Four Miami-area residents were recently sentenced for a $10 million Medicare fraud scheme involving HIV infusion clinics.
Alexis Dagnesses, Gonzalo Nodarse, Alexis Carrazana and Dr. Carlos Garrido all pled guilty in March before U.S. District Judge Paul C. Huck to one count each of conspiracy to commit healthcare fraud.
Dagnesses was sentenced to 90 months in prison, followed by a three-year-term of supervised release, and ordered to pay $12.4 million in restitution. Nodarse was sentenced to 78 months in prison, with a three-year-term of supervised release, and ordered to pay $5.1 million in restitution. Carrazana was sentenced to 72 months in prison, followed by three years of supervised release, and ordered to pay $3.6 million in restitution. Garrido was sentenced to 37 months in prison and three years of supervised release and ordered to pay $747,000 in restitution.
All four defendants worked at Midway Medical Center, Inc., a Miami clinic that appeared to specialize in the treatment of patients with HIV. According to court documents, most of the services allegedly provided to patients at Midway were billed to the Medicare program as treatments for a diagnosis of thrombocytopenia, a disorder involving a low count of platelets in the blood, though none of Midway’s patients had low blood platelet counts.
Dagnesses' admitted role at Midway was to manipulate the blood samples drawn from the clinic’s patients before the blood was sent to a laboratory for analysis so that the resulting laboratory reports would make it appear that the patients had dangerously low blood platelet counts.

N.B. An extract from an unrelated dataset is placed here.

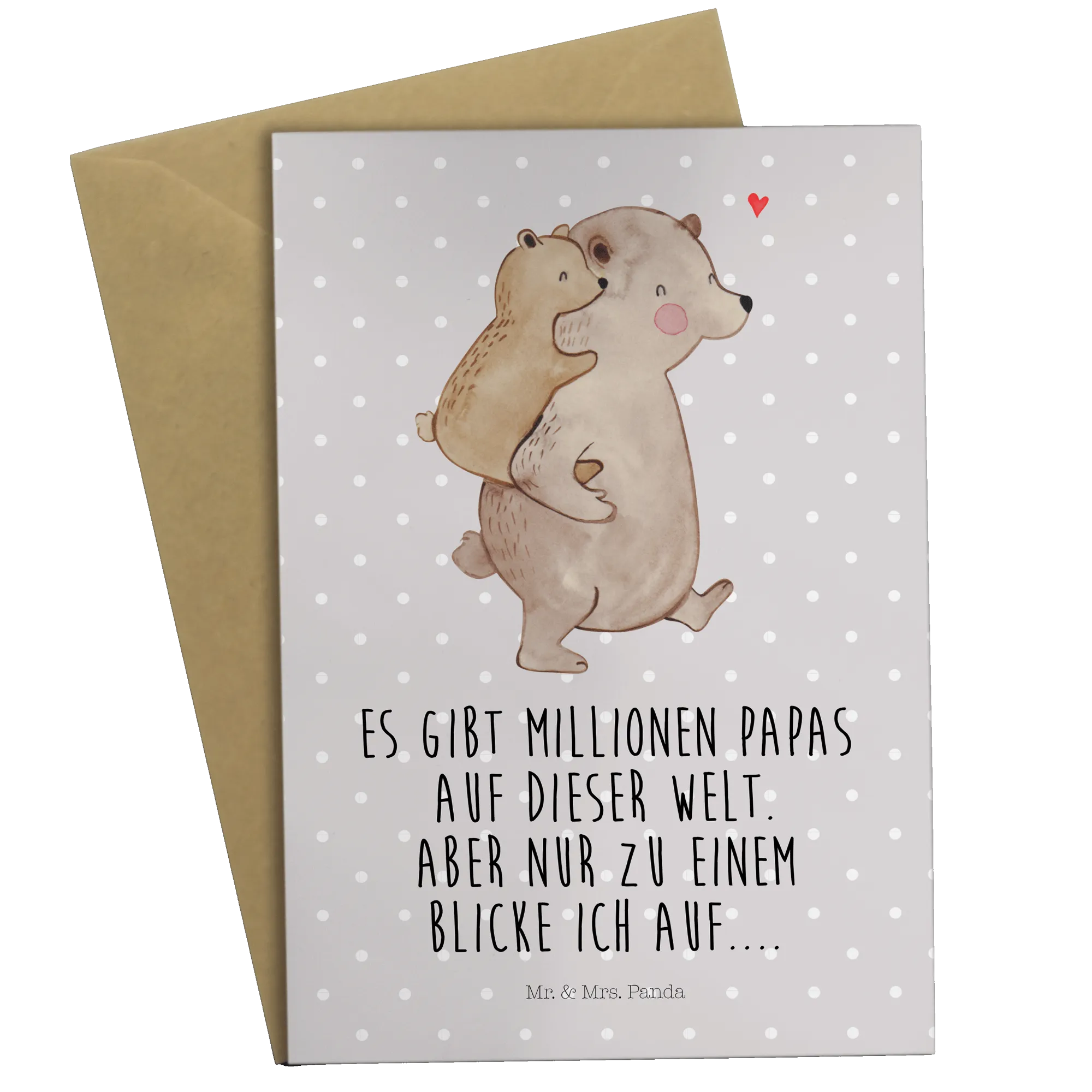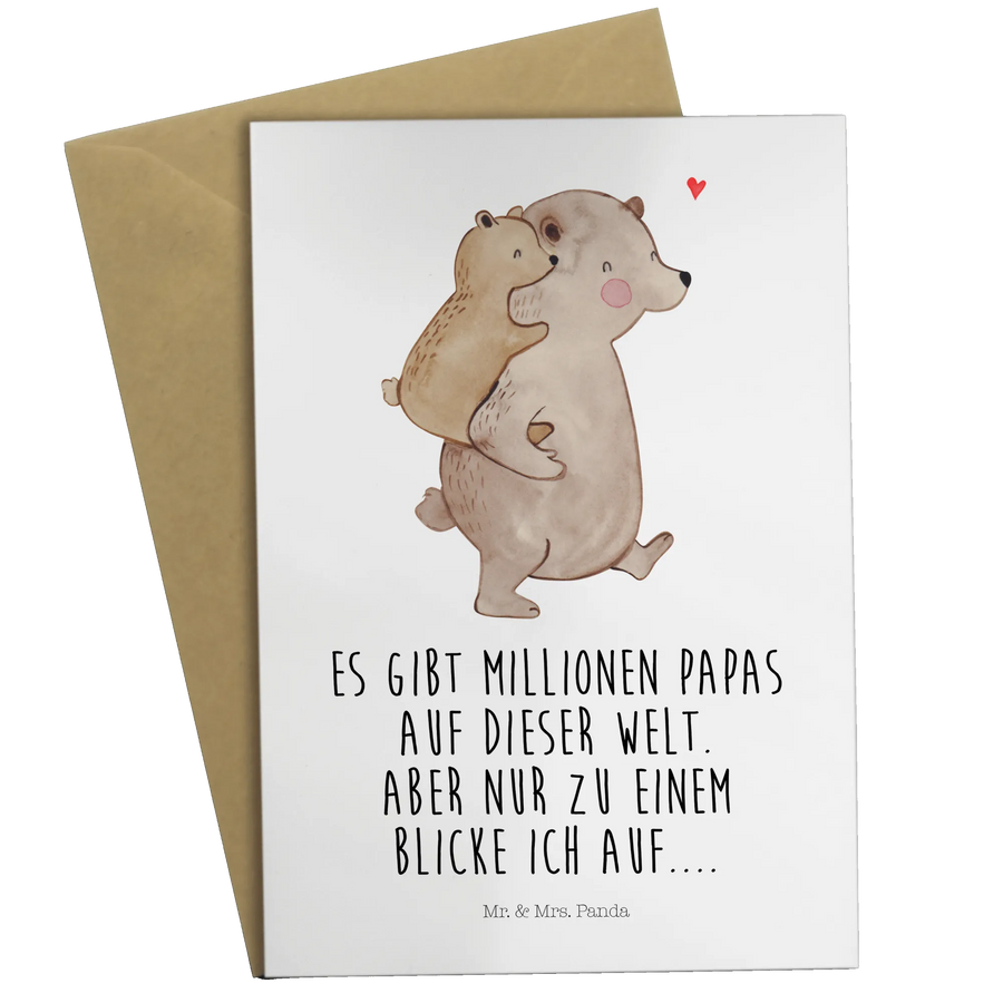 Die Grußkarte „Papa Bär" aus der Familien Kollektion von Mr. & Mrs. Panda ist ein kleines Kunstwerk für große Gefühle. Auf der Vorderseite trägt ein großer Bär einen kleineren Bären auf dem Rücken – eine Szene voller Geborgenheit, Nähe und Vertrauen. Der Spruch „Es gibt Millionen Papas auf dieser Welt. Aber nur zu einem blicke ich auf...." macht die Karte zur idealen Vatertagskarte oder Geburtstagskarte für Papa, Papi, Vater oder Onkel.

He was generally paid $1,000 for every vial of blood that he manipulated.
Dagnesses was also found to have engaged in similar conduct at two additional fraudulent HIV infusion clinics, and he was held accountable for conspiring to cause the submission of more than $20 million in fraudulent claims at the three clinics.
Nodarse and Carrazana worked at Midway as medical assistants. In their pleas, the two admitted to making false entries in medical records that indicated they had provided medications on particular dates and in particular dosages to patients when, in fact, they had not.
Garrido was a part-owner and practicing physician at Midway. He admitted that he and the others billed the Medicare program routinely for services that were medically unnecessary and in many instances never provided. He also admitted to purchasing only a small fraction of the medication that was supposedly being administered to Midway’s patients and ordering patients to be treated with medications he knew they didn't need and, in many instances, the clinic didn't have available.
Federal prosecutors have indicted 108 cases with 196 defendants in strike force operations since investigations opened in March 2007. Collectively, these defendants fraudulently billed the Medicare program for more than $577 million.